Mi pequeño dolor de cabeza empezaba a convertirse en una migraña en toda regla. —¡Lo manejaré!
Cuando salí, miré a Gin. —Dile a Ash que apruebe las facturas de Blu. ¿Ha habido más inconsistencias?
—No. No me ha hablado de ninguna. —Gin se deslizó en el asiento del pasajero de mi auto. —Hey, en serio, ¿de qué se trata esta reunión de esta noche?
Por un momento vi un atisbo de seriedad en su rostro. Fue algo raro y hermoso. Por eso sabía que no duraría mucho.
—Te lo dije, no te preocupes por eso. Sólo vístete bien. Gin asintió. —¿Y Ash?

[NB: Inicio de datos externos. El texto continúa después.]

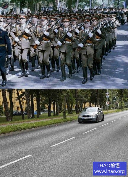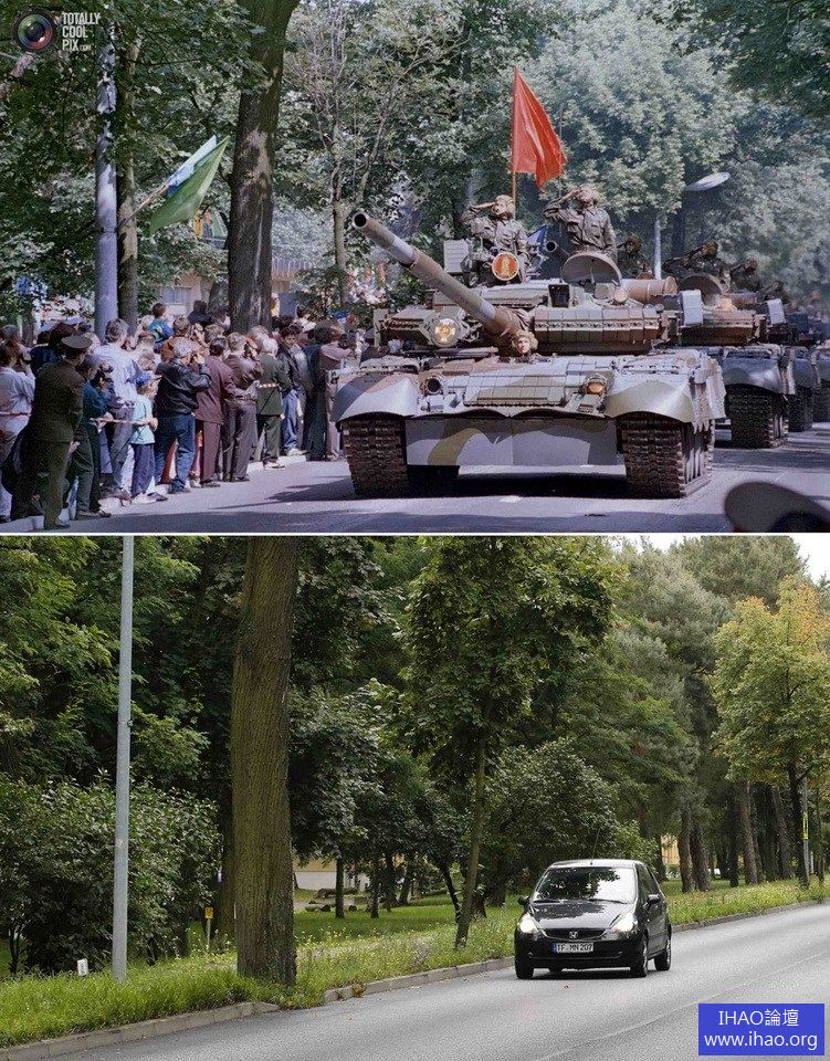 東德溫斯道夫的獨聯體軍隊總部,參加告別閱兵的蘇聯坦克(上圖)。下圖為當前的溫斯道夫的同一地點。
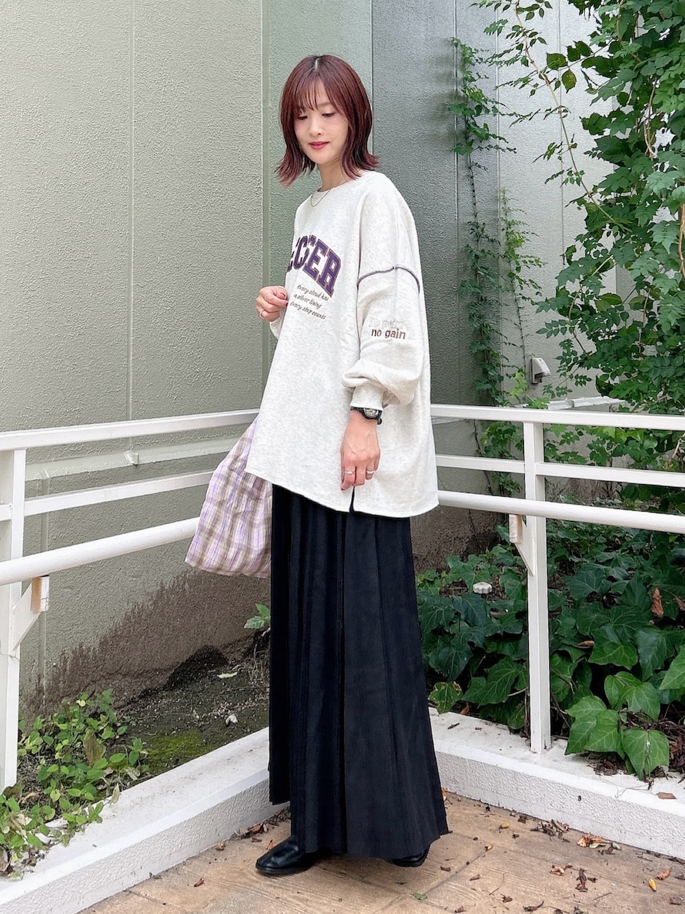 ✔︎秋冬コーデにぴったりなフェイクスエード生地。落ち感があってプリーツも綺麗です
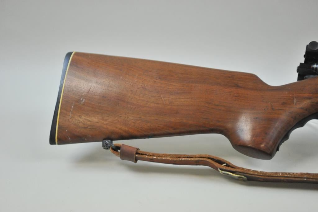 17KH-560- MOSSBERG LSB #643500Mossberg Model 144LSB heavy barrel target rifle with match features, S/N 643500. Adjustable sling positions on the forward swivels along adjustable Mossberg rear peep and target front. Very good plus conditionwith 95% plus original finish and almost fine stock with slight storage and handling marks. Bright bore. Leather sling included. Well cared for and has seen limited use. (C&R) Est.: $150-300Mossberg Model 144LSB heavy barrel target rifle with match features, S/N 643500. Adjustable sling positions on the forward swivels along adjustable Mossberg rear peep and target front. Very good plus conditionwith 95% plus original finish and almost fine stock with slight storage and handling marks. Bright bore. Leather sling included. Well cared for and has seen limited use. (C&R) Est.: $150-300
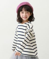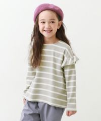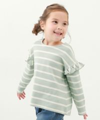 程よく甘い『もちもちストレッチ 肩フリル 先染めボーダー 長袖Tシャツ』
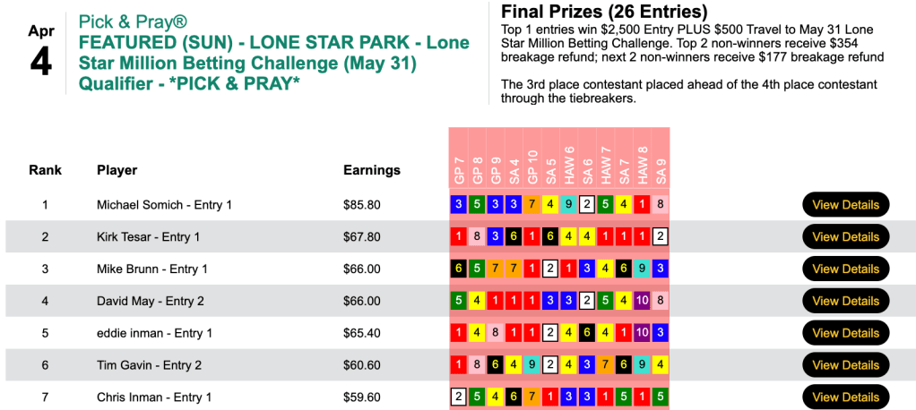 Dallas, to be precise. Grand Prairie, to be preciser. Somich whiffed on the first half of the Sunday contest races, but had two and a place over the last 6 to get the $3,000 package for the Lone Star Million Betting Challenge.
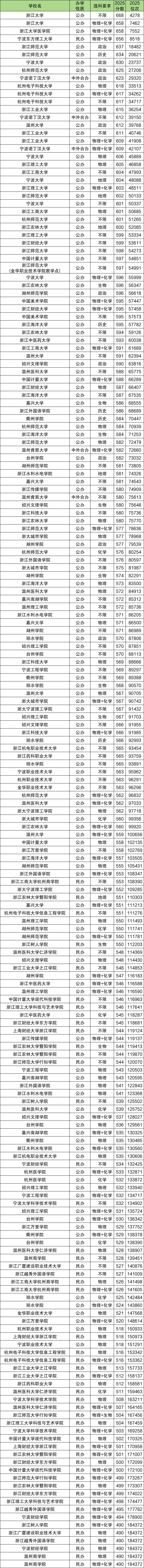 2025年浙江本科各大学最低录取分数线为:一段490分到668分、二段477分到565分。浙江公办本科院校排名前三分别是:第一名浙江大学(全国第3位)、第二名浙江工业大学(全国第62位)、第三名宁波大学(全国第78位)。
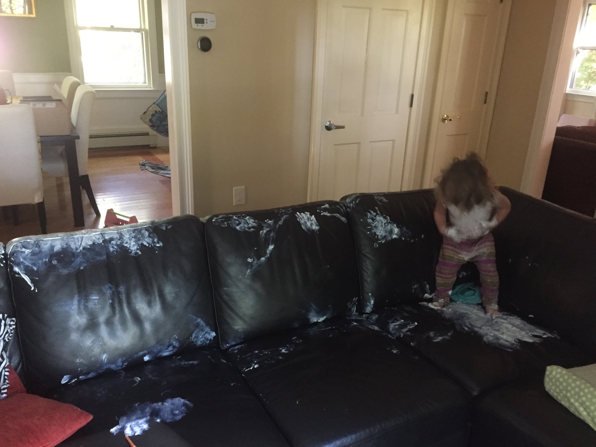 Terrible 2's saga continues. I dealt with this today for a few hours. That's super thick SPF 70 sunscreen that's impossible to get out. I don't know how she managed to do this while 10 feet away from me while I washed dishes. FTMs, this is what you get to look forward to! Haha
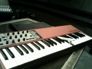 やる気満々、ご自慢のシンセを持ち込んだモトキチ師匠、 搬入の時、最後に焦ってしまったようでどこかに思いっきりぶつけてしまった模様。 遠目に違和感があるなぁと思っていたら、なんと鍵盤が壊れてしまってました。 こんな画はどらえもんかなんかの漫画でした見た事ありません!!!
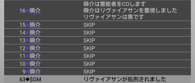 瞬介「信頼できる奴がいないんだよなあ。男の娘は偽霊能者だしね(笑)。発言の少ない共有者を信頼しても仕方ない。『スキップ』します」

—Se queda en casa. Tex también.
Él arqueó una ceja. —¿Es esto algún tipo de orgía rara, con máscaras y trajes? Quiero decir, puede que me guste. O me hubiera gustado. Si no estuviera comprometido.
Ahí estaba. Miré a Gin como si lo hubieran dejado caer de cabeza al nacer, lo cual tenía una teoría de que así era, antes de entrar en mi auto.
Mi vida era una cadena de locura que nunca terminaba. Mientras me alejaba de la acera y trataba de ignorar los horribles golpes de Gin, mi estómago se apretó. En ocho cortas horas sería un hombre casado.
Sentí como si toda mi vida estuviera a punto de cambiar.